For me, there’s something about the change of seasons, a hearty (pronounced “hah-tee”) Boston accent, and a wicked good clam chowder (“chow-dah”) that does it for me.
This will be my third year registering for the Windham Turkey Trot (unfortunately, I was injured last year and could not run), and although I have had the choice of either a 3- or 5-mile route through the streets of this suburban town of 13,500, I usually stick with the 5K. I plan to up the ante this year.
Come Thanksgiving morning, a giant clock is strapped onto the top of a ladder, and the crowd counts down to the start of the race. There are no race bibs, no official times, and no trophies to show off running (or walking or biking or rollerblading) prowess. Instead, a community simply gathers for a good cause.
It’s too easy to get caught up in what’s not going right, whether that’s in our personal lives or around the world. The truth is there’s also so much that is going right.
Do you have a family that loves you? Friends that support you? Are you in good health? Do you have a roof over your head? Do you have food to eat? Have you had the benefit of an education? Do you have a job?
Not everyone will have all of these things, but odds are you have at least some. Thanksgiving is the perfect time to slow down and take stock of all the good in your life. Even in our darkest days, there is always something to light the way.
Louise Peltz and Heidi Reever knew that more than most.
When it comes to the Windham Turkey Trot, all thanks go to these thoughtful women for starting the event back in 1995. They knew to appreciate their health as runners. They knew to appreciate their time together as friends. They knew to appreciate the wonderful town they lived in. They used that gratitude and shared it with everyone around them.
Now, what started as 50 runners coming together before their holiday feast has grown to more than 1,400 runners burning calories and making memories before the celebratory meal hits the table.

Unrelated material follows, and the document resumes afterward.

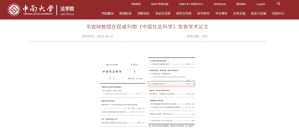 社会的爱,彰显在“为生民立命”的自觉担当,是将法学知识经世致用、以专业能力回馈时代的深厚情怀。这份爱,是将专业智慧转化为公共产品,用法治微光温暖社会一隅。正如李亚鹏先生所创办的嫣然天使儿童医院面对困境时,万千普通人的十元、百元捐款汇聚成两千多万元的奇迹,诠释了“涓滴之爱,可成江海”。我院师生亦以专业方式践行着一份又一份大爱。法学院科研进校经费1140万元(纵向827万元,横向313万元),创历史新高。中南大学数据法治研究院、纪检监察研究院落户法学院,助力相关人才的培养。2025年,学院形成近20项资政成果,其中1项获中央领导肯定性批示;举办第九届“法治中国·湘江论坛”、第三届中德日韩刑事法学论坛、海峡两岸法学交流促进会2025年学术年会暨两岸关系法治学术研讨会、第三届欧中青年法律人论坛暨“欧中法学研究的新领域和新发展”学术研讨会;发布《中国法治实施报告(2025)》(总第12卷)。

An annual race does not come together on its own. It takes the coordination and patience of its runners, and I don’t necessarily mean the people running IN the race. Sponsors have to be gathered, advertising and marketing efforts have to be planned, volunteers have to be gathered, and the event website needs to be updated. There are even some nifty T-shirts designed for the trot each year.
Most importantly, it is about charity.
At first, the Windham Turkey Trot gathered canned goods for donation from its participants. It has since become a 501c3 organization and accepts monetary donations, 100% of which go to local charities. As it has every year, the event will support Shepherd’s Pantry, a food pantry in Windham that assists needy families in southern New Hampshire. This year’s event will also support Windham Helping Hands, an organization that has literally helped senior citizens and families in need in so many ways since 2003. Please visit their websites to see how you can help.
I want to personally thank Louise Peltz and Heidi Reever for inspiring a community. By paying it forward, you have established a tradition in Windham that makes a real difference.